This project predicts concert revenue based on various features such as the artist, tour title, number of shows, and average gross revenue. The goal is to use machine learning models to estimate Actual Gross Revenue for concert tours.
- Artist: Name of the performing artist.
- Tour Title: The title of the concert tour.
- Shows: Number of shows during the tour.
- Average Gross: The average revenue per show.
- Actual Gross: The actual gross revenue (target variable).
-
Data Collection & Preprocessing:
- Loaded and cleaned the dataset.
- Handled missing values and outliers.
- Encoded categorical variables like artist and tour title.
-
Exploratory Data Analysis (EDA):
- Performed visualizations to explore relationships and patterns in the data.
- Identified correlations between features.
-
Modeling:
- Trained and tested multiple machine learning models including:
- Linear Regression
- Random Forest
- Evaluated model performance using metrics like MAE and R-squared.

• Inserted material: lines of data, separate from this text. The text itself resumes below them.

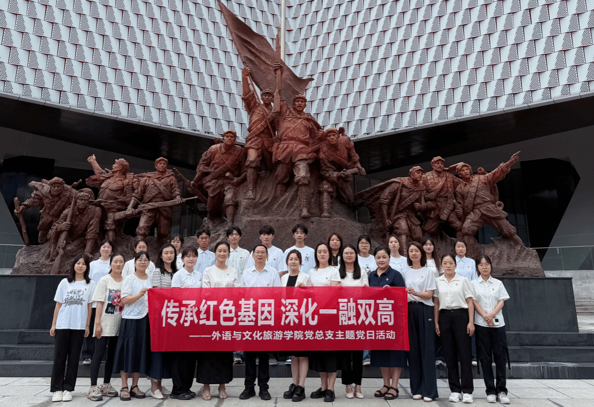 为庆祝中国共产党成立104周年,传承红色基因,深化“一融双高”建设,7月3日,外语与文化旅游学院党总支组织师生党员前往邛崃红军长征纪念馆,开展了一场意义深刻的主题党日活动。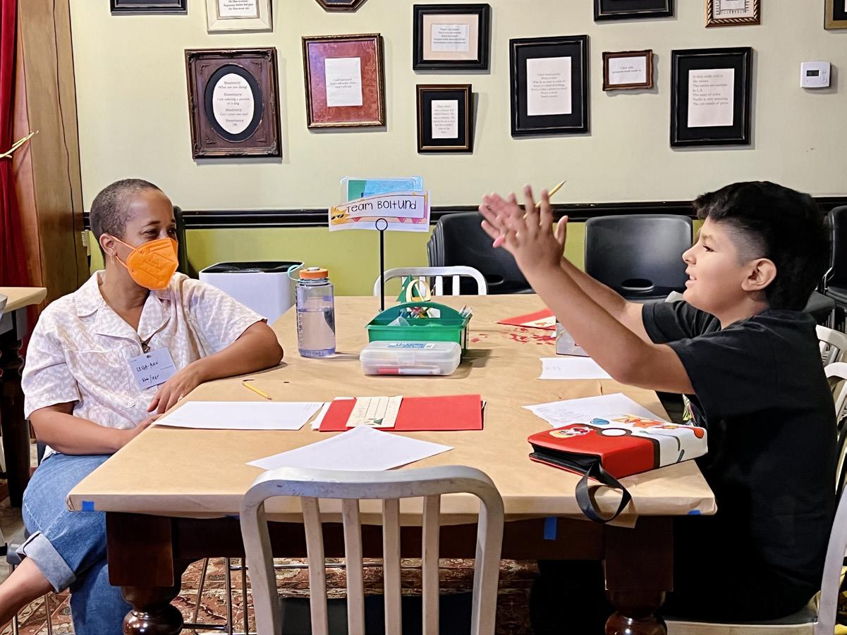 After more than a year of Zoom tutoring, our After-School Tutoring (AST) program for younger students, and our Tuesday and Thursday Night Tutoring (TNT) program for older students welcomed participants back in person beginning in the fall. It was a joyous reunion, with lots of hand sanitizer—and more writing than in our virtual era, as students resumed the Write On! portion of each session, in which they responded to creative prompts.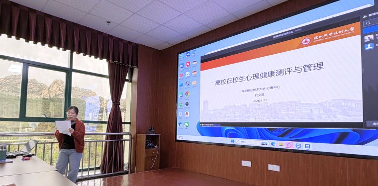 4月21日下午,大学生心理健康教育中心邀请深圳职业技术大学於文苑博士为我校各学院辅导员作心理主题培训。於文苑博士现任深圳职业技术大学心理健康教育咨询与研究中心专职教师,2020年获中国科学院大学基础心理学博士学位,以第一作者或通讯作者的身份在《NeuroImage》, 《Psychonomic Bulletin & Review》,《Cortex》 和《心理科学进展》上发表学术论文5篇。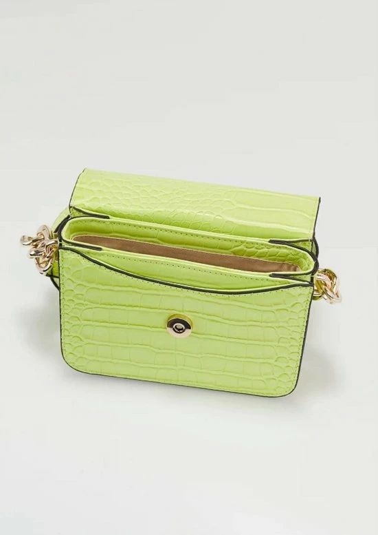 Voeg deze zomer wat kleur toe aan je handtasgarderobe met de nieuwe Retour mini-crossbodytas in de kleur Lime, Coral of Turquoise. De handtas is ontworpen met een croco PU-basis en glimmende gouden hardware, en heeft een verstelbare crossbody-riem, kettingschakelschouderriem, GUESS-logodetails, een halve flapsluiting, handgreep aan de bovenkant, interne ritssluiting en kaartsleuven en een achterzak met rits. Perfect voor je volgende dagje uit met de meiden!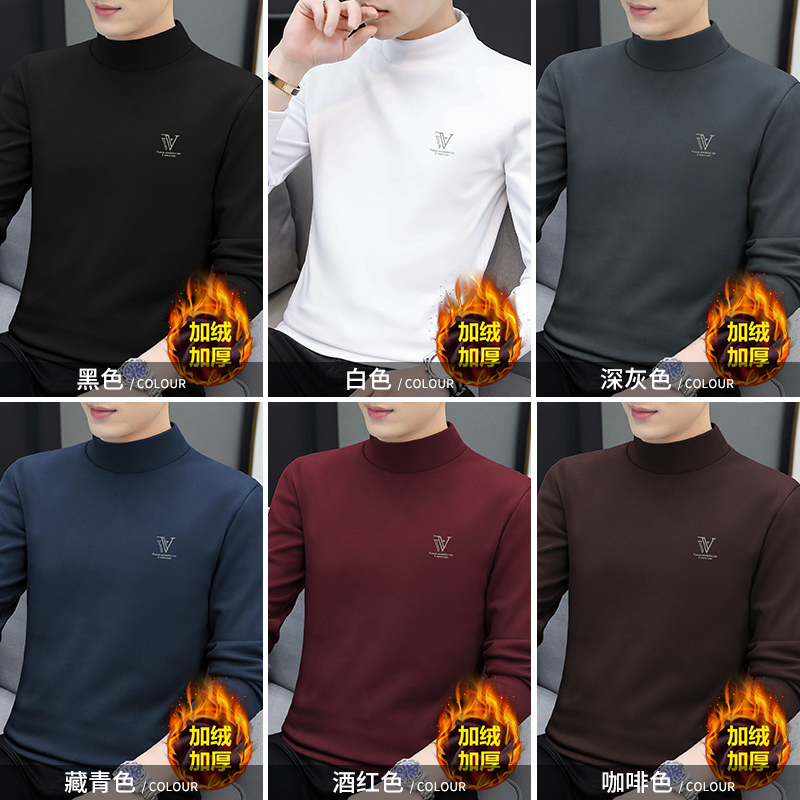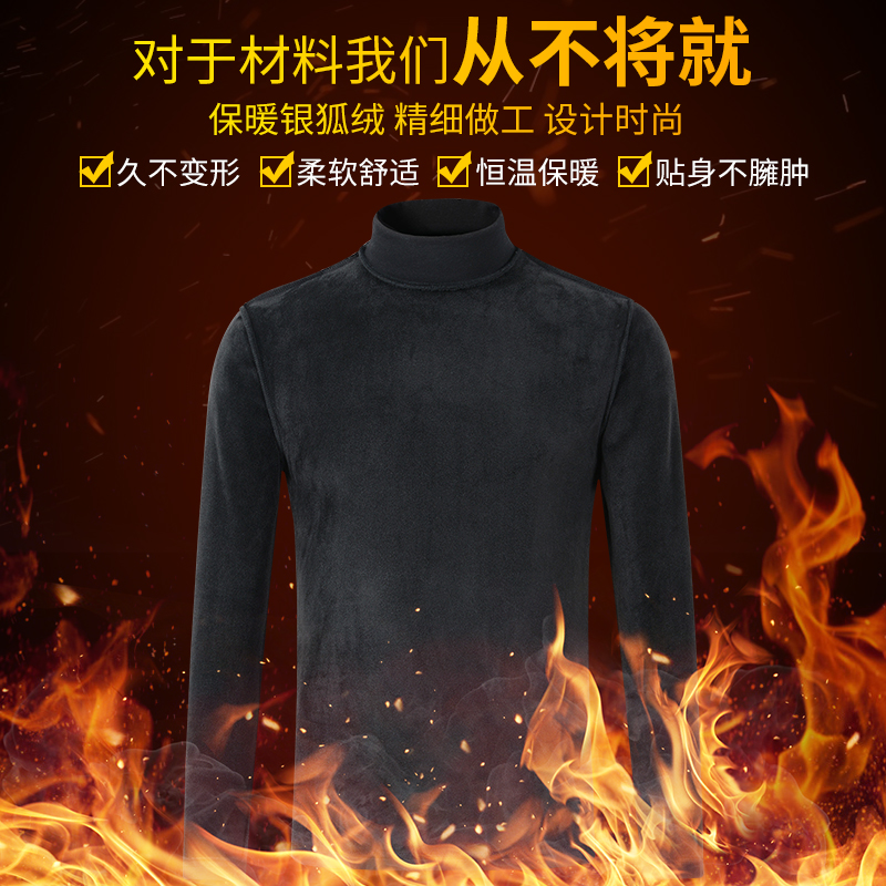 Autumn and winter Modale men's half height collar Long sleeves T-shirt Develvet plus suede thickened warm beating undershirt collar-Taobao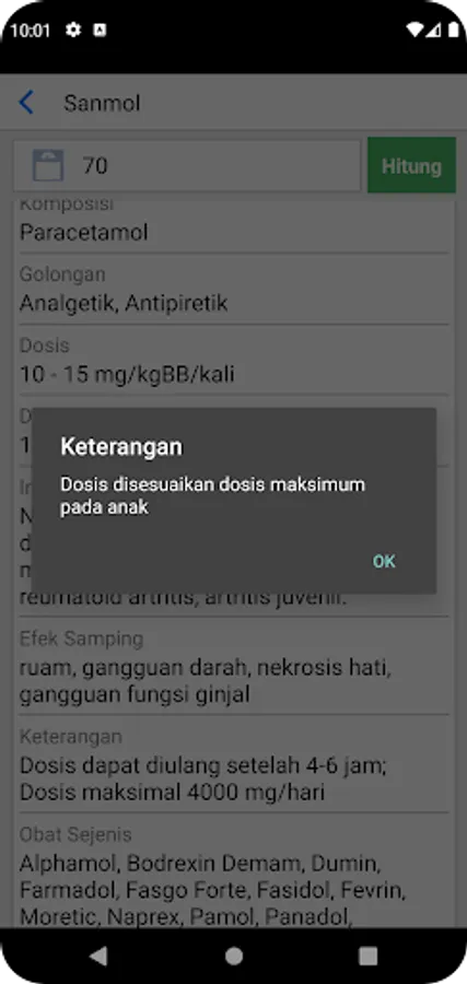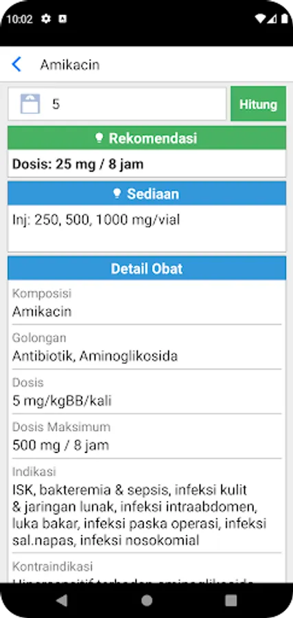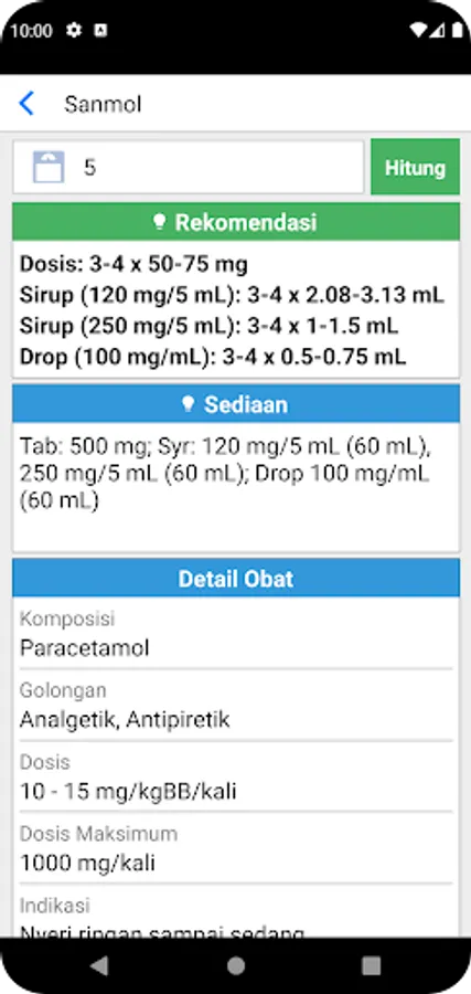 This application provides a calculator that facilitates the calculation of child drug doses with a complete database for oral, injection and topical medications. By entering weight, the application will provide recommended drug dosage information in accordance with reliable references, limiting the dose according to the maximum dose for children, providing available dosage information, providing information on indications, contraindications, and brands of similar drugs in Indonesia.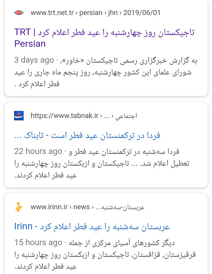🔘شبهه:چراغیراز عربستان تقریباهمه کشورهای غرب وشرق ایران امروزراعیداعلام کردند وفقط درایران اعلام نشده؟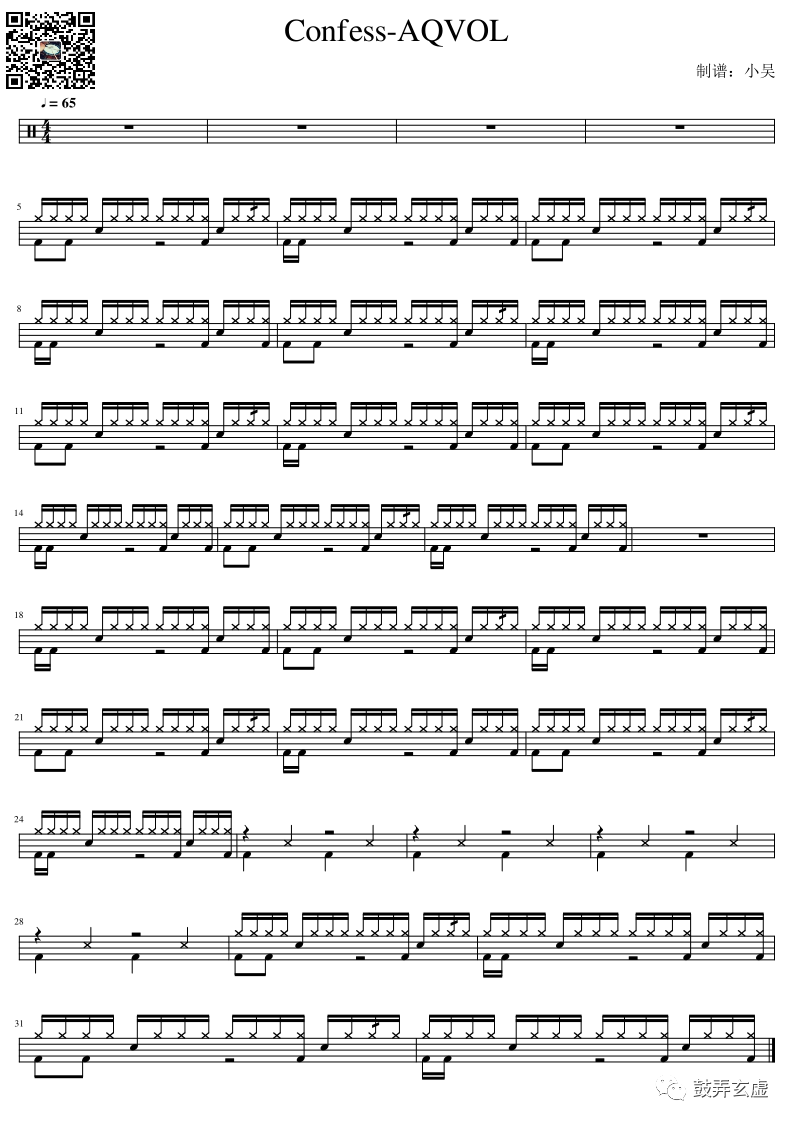 AQVOL《Confess》架子鼓谱,鼓弄玄虚编配出品,共有1张高清图谱,由打鼓谱上传并分享。鼓谱:《Confess》-AQVOL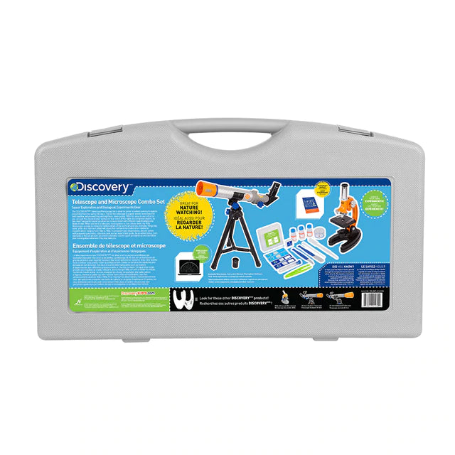 The Discovery Telescope and Microscope Combo Set 44-41101 is ideal for junior scientists looking to explore everything from the soil to the stars. The 40 mm telescope is a great starter instrument for both daytime nature watching and nighttime moon gazing. With this easy-to-use refractor, you can visit the chiseled lunar surface or tour some of the night sky's brightest objects. Its two interchangeable eyepieces allow you to experiment with different magnifications and fields of view. When you want to take your investigations to the cellular level, the 900x Microscope is ready to reveal the hidden details of the world around you. Everyday things like sand, onion skin, hair and pollen will show their extraordinary sides when viewed at magnifications ranging from 100x to 900x. To jumpstart your observations, the set comes with prepared specimens, collection tools and an experiment guide. As an added bonus, both elements in the set are well secured in a durable case for quick portability so you can follow your investigations wherever they may take you.

- Trained and tested multiple machine learning models including:
-
Visualization:
- Plotted feature importances to understand the impact of each feature on the prediction.
- Python 3.x
- Libraries:
- pandas
- numpy
- matplotlib
- seaborn
- scikit-learn
- Clone the repository.
- Install the required libraries:
pip install -r requirements.txt
- Run the
main.py
script to start the analysis and model training.
This project demonstrates the use of machine learning for predicting concert revenue based on historical data. The Random Forest model achieved the best performance in predicting the target variable.
You can adjust and expand this README based on any additional features or specific instructions you want to include in your GitHub repository.